Maybe leaving your marriage turns out to be the best thing, but still, spending your first holiday season post-divorce can be one of the loneliest experiences a heart can handle.
Divorce and life coach Karen Finn, who has personally been through the experience, tells Personal Space that first coming to an acceptance that you’re divorced now is a great start. (We know it’s easier said than done.)

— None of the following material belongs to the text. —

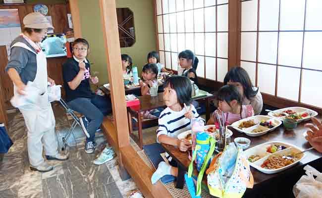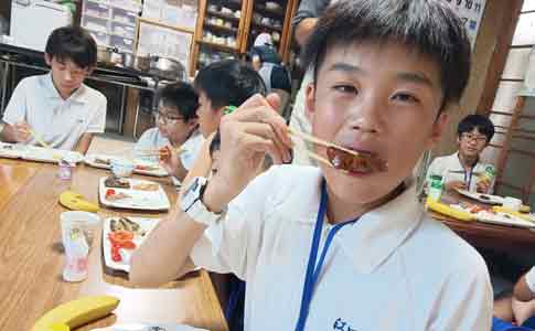 古池食堂 令和5年10月12日(木) 今日のメニュー さつまいもご飯 (トッピングのおかか昆布と竹の子煮はコープから頂きました) カボチャのそぼろ煮そうめんサラダ (コープから頂いたカニかまを入れてカニ風味にしました) 茄子とピーマンの田楽味噌添え (新鮮な野菜は地元の方から頂ました) フルーツ (柿 栗 バナナ メロン) デザート ・プリン (コープから頂きました) ・たい焼き(たつののたい焼き屋さんから色々な味のたい焼きを頂いて お互いに味当てをして楽しんでいました) お菓子 (グミ ラムネは春日井製菓から頂きました) 秋の食材を沢山使って、目や舌で季節を感じてもらいました。 さつまいもご飯美味しいね」とか「栗ってどうやってむくの?」とか・・・ 6年生は修学旅行の話題で盛り上がりました。 「おばちゃん、修学旅行に行くんや!」「月曜日からいくんやろ?」 「おばちゃんは何でも知っとんやなァ~」「清水寺に行ったら蝉がおるから、よく見たり聞いたりしてきてね。」 「わかった!」「気をつけて、楽しい旅行にしておいでね。」 「うん うん!」とうなづいて帰っていきました。 |

“Different doesn’t have to mean bad,” Finn says. “The first set of holidays after divorce, or going through it, mark beginning of a new way of life. It’s definitely going to be different, that doesn’t mean bad.”
If you have kids
If you have them on the holiday, great, you’ll be feeling good. If you don’t, it’s OK to pick another day to celebrate, pick a new day and put as much effort into the day as you can. Most kids would love the idea of double the attention, double the presents, double the celebration, says Finn.
If you’re feeling blue
“This works tremendously. For me, I packed myself with pillows — tuck them tight all around you, they absorb your body heat and become warm ... you feel cozy, and not so alone. You don’t wake up in a panic all alone. Anything that helps you to feel good (wine, movie), but not overindulging in drink because most of us have a tendency to keep doing it and it stops the pain. Cut yourself off at a glass or two but get cozy,” Finn says.
Try not to spend it alone
Call friends, call other family members to spend time with. “If you decide to join a divorce support group, they will be a wealth of support, a meetup group may have a holiday event for singles, you’ll fit in right away,” Finn says.
You can’t control grief
“Accept that it is what it is,” Finn says. “Look for what is still good in your life. You may be healthy, have your kids, where there’s breath, there’s hope. As long as long as you’re breathing, there’s hope for a better life for you. You can’t go around it, you have to go through it, and by going through it you have to heal.”
Remember all the firsts after divorce suck
“You have to figure out how you have to live your new life. You don’t want to get stuck in the grieving forever.”
Read self-help and volunteer
No More Holiday Blues by the late Dr. Wayne Dyer is an inspirational holiday book that advises how to recapture some of the joy you experienced as a child during the holiday season. Also look for a local shelter or soup kitchen that may need some volunteers for the season.
Wish your ex well in a non-confrontational way (if that’s an option)
It’ll create some peace, and make you feel a little better.